PCI Compliance? Easy if you know how!
December 11th, 2006 Drazen Drazic Posted in PCI, PCI DSS |
I’ve heard a couple of times in recent weeks, figures bandied about, supposedly from the Acquiring Banks talking about the levels of PCI compliance. (I say supposedly because I don’t want to assert something that may not be right, but the sources aren’t too bad!)
Figures as high as 90% of self-assessments (as defined for Tier 2 and below) are coming back (supposedly), 100% ticked off. …… Now I ask; 90% all compliant or 90% not all compliant yet? Did I hear right? Sure did.
Now these figures fly in the face of what we’re seeing out there, so the question needs to be asked - are we only seeing clients that by chance fall into that 10% and not any of the other 90% or does something sound wrong here?
The PCI DSS is not overly complex but it is certainly full of grey areas in terms of depth of compliance and most importantly, what’s in and what’s out of scope. Moreover, it is setting minimum security requirements and controls far ahead of almost anything else that has been thrown at the private sector.

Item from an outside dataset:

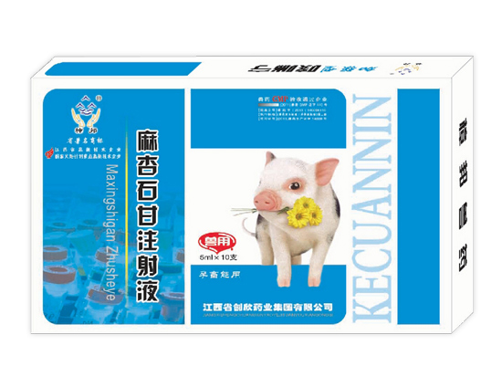 Name of veterinary drug: ginkgo injection English name: Injection Chinese pinyin: Maxingshigan Zhusheye 【 main ingredients 】 2 %, 1% of bitter almonds, 1% of gypsum, 1% of licorice, and 15% of kanamycin sulfate. 【 traits 】 this product is yellow transparent liquid. [pharmacological action] broad-spectrum antibacterial drugs. Its mechanism is on the 50 s of bacteria RNA subunits, turn by blocking peptide mRNA and displacement and resist bacterial protein synthesis, the mycoplasma effectively, to golden brown staphylococcus, streptococcus, streptococcus pneumoniae, fester suppuration and other sensitive corynebacteria. It is especially sensitive to mycoplasma, which is the most powerful drug for the anti-mycoplasma in macrocyclic lactone. It has good effect on helicobacter, bacillus, recluse and chlamydia. This product is suitable for the essence of antivirals, especially for circovirus, blue ear virus, pseudo rabies virus infection and latent infection, which has a significant effect on the infection of virus and bacteria. The intramuscular injection absorbs quickly, the tissue penetrability is strong, the biological utilization rate is high, the effect is fast, the effective antibacterial concentration is long, and the excretion is quick after stopping. [indication] 1. Streptococcus disease, pant disease, infectious laryngotracheitis, chronic respiratory disease, mycoplasma abscess septicemia, sinus inflammation, mycoplasma pneumonia, infectious arthritis, atrophic rhinitis infectious disease caused by high fever, difficulty breathing, pneumonia, tracheitis, bronchitis. 2. Diseases such as acute and chronic respiratory diseases caused by virus and bacterial cross infection. Such as pneumonia, mycoplasma pneumonia, asthma, typhoid, cold, etc. 3. For reproductive and respiratory syndrome (blue ear disease) circovirus disease, pseudo rabies virus infection and secondary respiratory disease, respiratory syndrome. The animals are characterized by depression, loss of appetite or hunger, high fever, red body, purple, jaundice, difficulty breathing, breathing and coughing. Mother and animal abortion, stillbirth, some animals cause pleural pneumonia and so on. Use this product to have good effect. 4. Pasteulosis caused by pneumonia, heat of transport and the disease caused by pyogenic actinomycetes; Dysentery caused by the treponema of swine dysentery. 5. Unexplained respiratory diseases. [usage] Intramuscular injection: a quantity per 1 kg pig weight 0.05 ~ 0.08 ml cattle, sheep 0.12 ml 0.1 ml birds usually can be cured at a time A laparoscope, usually connected to a severe 2 ~ 3 days, three days before and after weaning piglets, disease, serious when per kilogram of muscle note 0.05 ~ 0.1 ml Inner garment: 10ml water 10kg for free drinking, 2 ~ 3 days [adverse reactions] I saw a rash reaction and disappeared after stopping the drug. [note] 1. If the product is crystallized in cold precipitation, it will be cooled to the temperature using hot water temperature, without affecting the curative effect. 2. The water solution of this product can be reduced by iron, copper, aluminum and tin plasma. Stop medicine for 14 days before slaughter. [specification] 10ml: equivalent to 20g of original medicine 10mlx10 / box. Storage: sealed in cool dark place.

Every client we’ve had that has seriously looked at their levels of compliance vs the PCI DSS standard has had to, to some degree make plans for some changes to their environment - most acknowledging that compliance will be a longer term project for them - resourcing and financial burden needing to be phased.
So what’s the other 90% doing? Keen to share that secret guys? It will be interesting to see what an audit would turn up in the event of an incident…..but then again, will it matter that much if Company X is only a Tier 3? Seriously though, some questions need to be asked if that figure of 90% is accurate.
DD
December 13th, 2006 at 9:13 pm
It’s a toughy! Perhaps worthy of debate on SecurityMetrics list
Hmmm… liability, fines, perhaps disclosure is at the heart of it?
Thoughts on this?
http://pcidss.wordpress.com/2006/08/06/78-merchants-dont-know-and-institutions-dont-care-about-pci-dss/
As with the first.org community the main issue is enumerating incidents, quantifying the degree of damage(cost?) and then the subsequent lack of information sharing due to the sensitive nature thereof!
At the end of the day self-policing only works with incentives, thus incidents can go undetected even when one meets external/internal compliance requirements…..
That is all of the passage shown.